**Task brief**
Shown below are entries with pictures; the line with "杨新丽以生动的语言阐述了参军" through the line with "Выпекала маффины с" is the span to retype exactly, and the pictures stay out.

**Raw data**
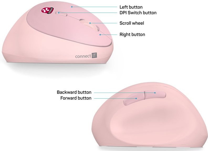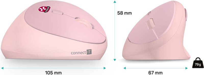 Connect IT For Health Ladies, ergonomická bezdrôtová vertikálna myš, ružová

---

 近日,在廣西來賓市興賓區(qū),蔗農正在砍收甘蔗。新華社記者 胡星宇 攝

* * *

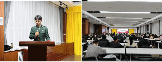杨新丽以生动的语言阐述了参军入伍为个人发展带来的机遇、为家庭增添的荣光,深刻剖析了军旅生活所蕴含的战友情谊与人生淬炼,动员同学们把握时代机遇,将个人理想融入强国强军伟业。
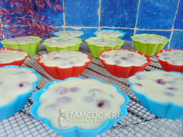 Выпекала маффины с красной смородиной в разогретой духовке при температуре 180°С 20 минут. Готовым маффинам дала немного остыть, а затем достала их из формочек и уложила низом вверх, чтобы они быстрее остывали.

**Result for this exercise**
杨新丽以生动的语言阐述了参军入伍为个人发展带来的机遇、为家庭增添的荣光,深刻剖析了军旅生活所蕴含的战友情谊与人生淬炼,动员同学们把握时代机遇,将个人理想融入强国强军伟业。
 Выпекала маффины с красной смородиной в разогретой духовке при температуре 180°С 20 минут. Готовым маффинам дала немного остыть, а затем достала их из формочек и уложила низом вверх, чтобы они быстрее остывали.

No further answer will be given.